Jonathan Boaden: There's a question I'll take from Nick. Given I run one of our support functions, the finance team. And it's about given the growth of AI, what steps are Volex taking to implement AI in our own organization. And it's a good question that there's a tipping point now in terms of how these technologies have developed that it does allow you to run things in a more efficient way. And AI is just one of the avenues that we are looking at and actually using on a regular basis to become more efficient in the back office of Volex. And that's really important because as we grow revenue, if we want to look to enhance our margin position, and we need to do that through further operating leverage, which is all about running as efficiently as possible in the support functions of the organization so that the operating leverage comes through. And as well as AI that we're using cloud technology, we're using lots of applications. We're rolling out a new ERP system, which is going incredibly well and is giving access to a new feature set, and we're using more tools for greater collaboration across the business. So all of these things come together to put us in a position where we're enhancing the efficiency. I think as a final question. We had a question from Chris who says excellent results, well done. I know it's somewhat futuristic, but do you see data centers opening into space? So I didn't know whether you had -- any thoughts on that as we come to close the Q&A session.

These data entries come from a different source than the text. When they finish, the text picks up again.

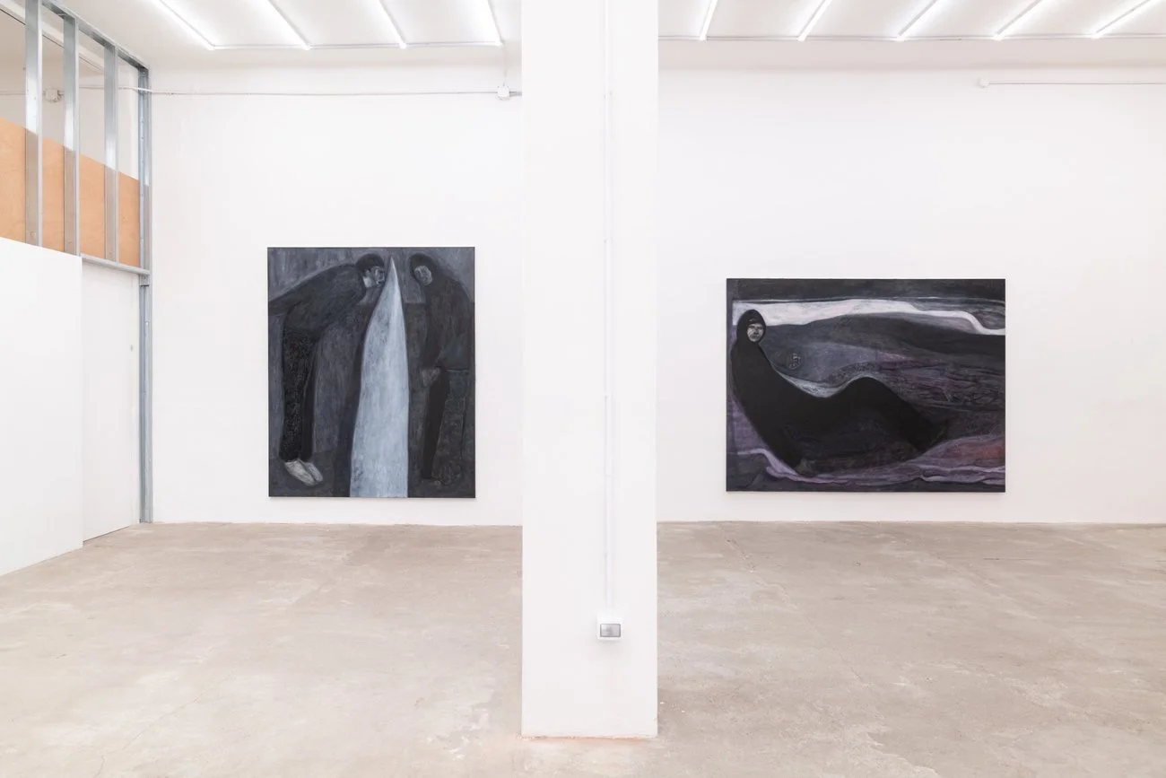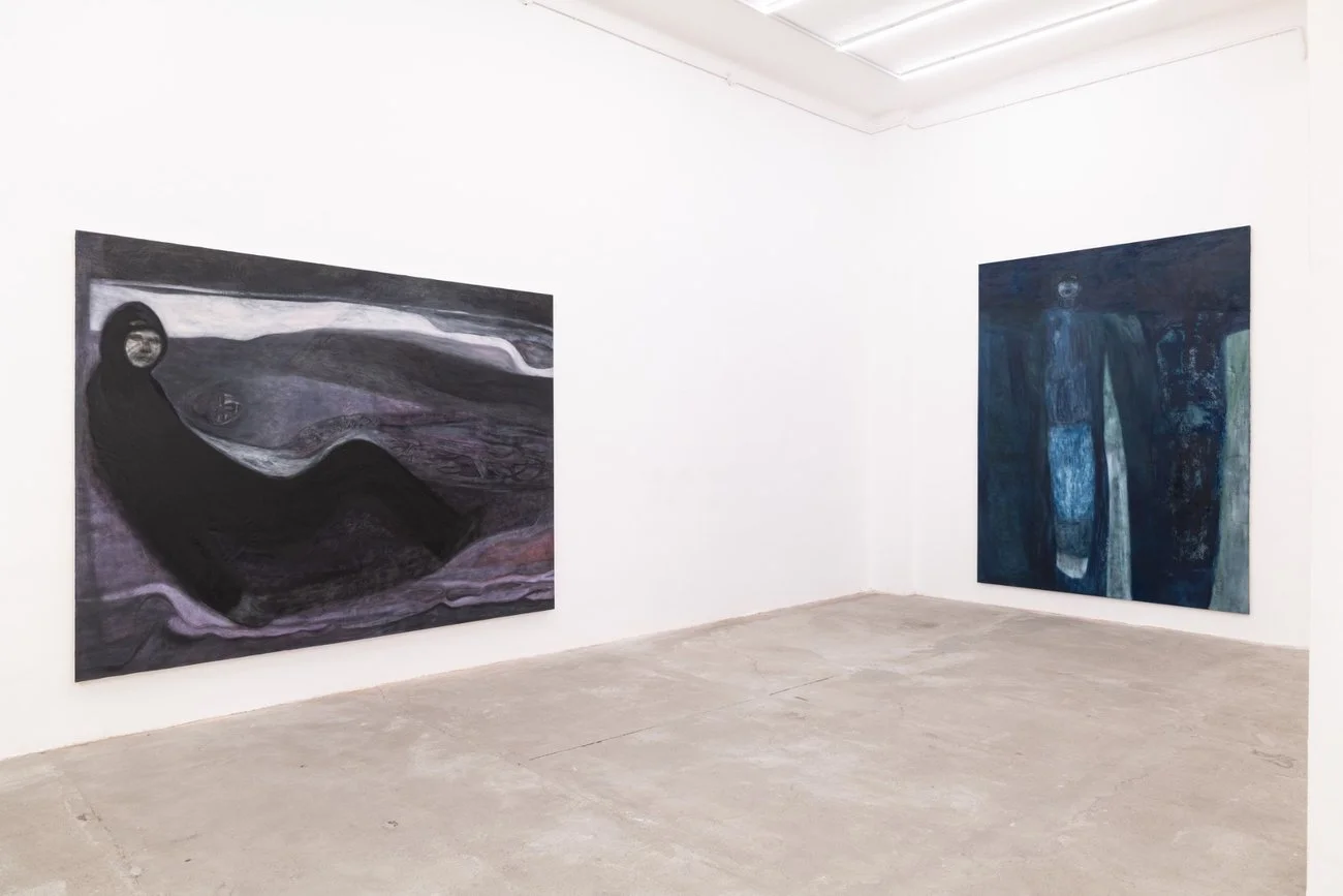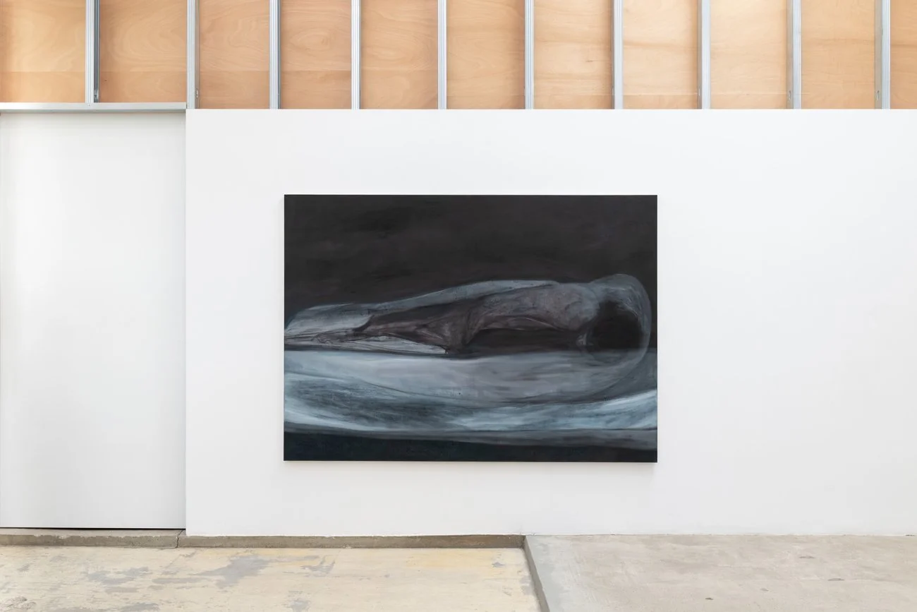 The exhibition text describes a space without coordinates, with no horizon or points of reference, an unsettling state of suspension where even the viewer's gaze seems unstable. Looking at the works, this sensation translates into bodies that do not orient themselves but seem to emerge from a sort of pressure, as if under a constant force that offers no relief. These forms also evolve from more defined shapes into almost ghostly presences. How do you describe your painting process and the construction of the image, both as a physical and perceptual experience, and as a possible existential condition?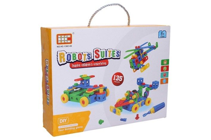 Stavebnice šroubovací. Obsahuje 135 dílků, šroubovák, a obrázky výrobků pro inspiraci.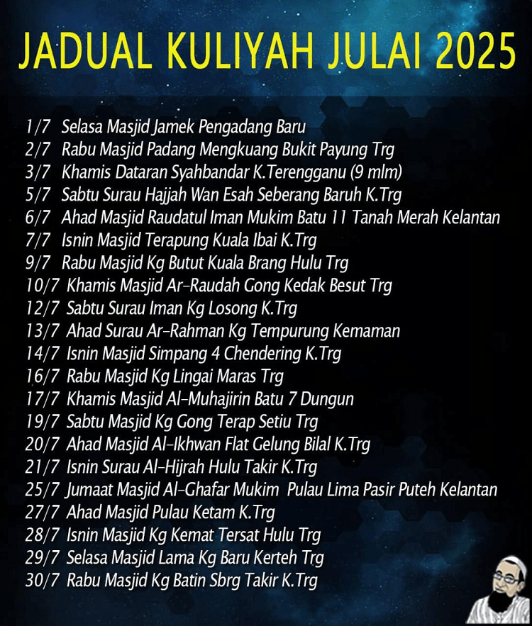Jadual Kuliah Ustaz Azhar Idrus Bulan Julai 2025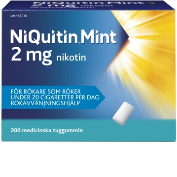 NiQuitin Mint 2 mg är lämpligt för personer som röker under 20 cigaretter per dag. Steg 1: Inledning av behandlingen: Ta ett tuggummi när du känner röksuget. Använd 8–12 st/dag i upp till 3 månader Steg 2: Nedtrappning: Minska stegvis tills du tar 1–2 tuggummin per dag. Sluta då helt Steg 3: Stöttande behandling: Ta ett tuggummi om du blir röksugen. Stoppa tuggummit i munnen och tugga långsamt tills smaken blir stark (cirka 1 minut), sluta sedan tugga och låt tuggummit vila mot kinden. När smaken avtar, tugga några gånger tills smaken blir stark, låt sedan tuggummit vila igen. Efter cirka 30 minuter är tuggummit slut. Du ska inte äta eller dricka något med tuggummit i munnen. Det kan minska nikotinupptaget. Använd inte mer än 15 tuggummin per dag.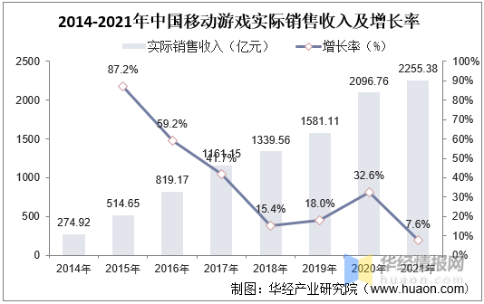 就我国移动游戏实际销售收入情况而言,2021年移动游戏整体市场新产品较少,主要增长来源于原游戏带来的收入,整体增长有限。根据游戏工委数据显示,2021年我国移动游戏实际销售收入为2255.38亿元,同比2020年增长7.6%,相较于2020年增速大幅度下降,主要原因是2020年疫情导致“宅经济”发展,人们在家中存在大量的休闲时间,导致移动游戏收入大幅度增长,随着疫情结束,企业逐步复工,市场恢复正常,增速回归正常。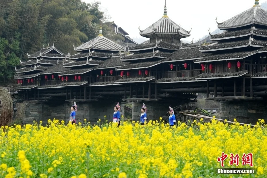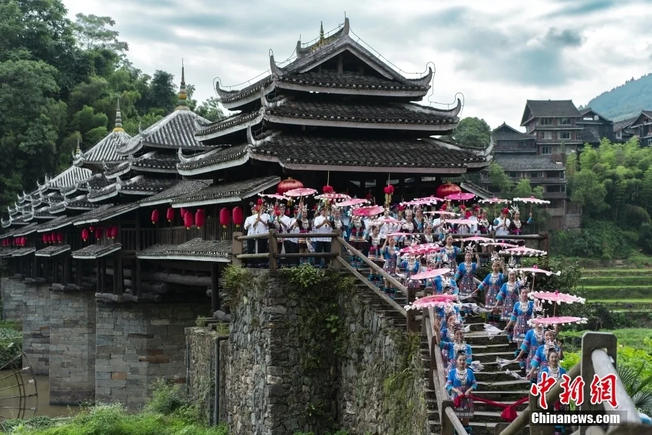 程阳八寨不仅保留了原生态自然古村落景观,在这里也能领略到最原始的侗族神秘风情。游客们来到程阳八寨可以观楼桥、赏歌舞、品侗宴,体验原滋原味的侗乡特色。中新社发 龚普康 摄

A rather left field question for the very end.
Nathaniel Philip Victor Rothschild: Well, maybe on asteroids as well in space, but it's -- no, the answer is I don't have any great insight into the thinking of Elon Musk. He is the only person who could possibly pull something like that of.
Jonathan Boaden: Very good. Thank you.
Operator: That's great. Jon, Nat, thank you very much indeed for updating investors. And of course, if there are any further questions, Jon will give those to you post today's call. Thank you once again to you both. Nat, perhaps before I redirect those on the call to give you their feedback, which I know is particularly important to you both, perhaps I could just ask you for just a couple of closing comments.
Nathaniel Philip Victor Rothschild: Well, it's 10 years since I've been doing this, and I think it's 5 to 6 for you now, isn't it as well. So we're in the midst of the journey, and we're grateful for the support of all of the retail investors and also the Investor Meet platform, which is very important to us, and we look forward to seeing you in 6 months' time.
Operator: That's great. Jon, Nat, thanks once again for updating investors. If I please ask investors not to close this session as we'll now automatically redirect you to provide your feedback. It only take a few moments complete, but I'm sure it'll be greatly valued by the company. On behalf of the management team of Volex plc, we'd like to thank you for attending today's presentation.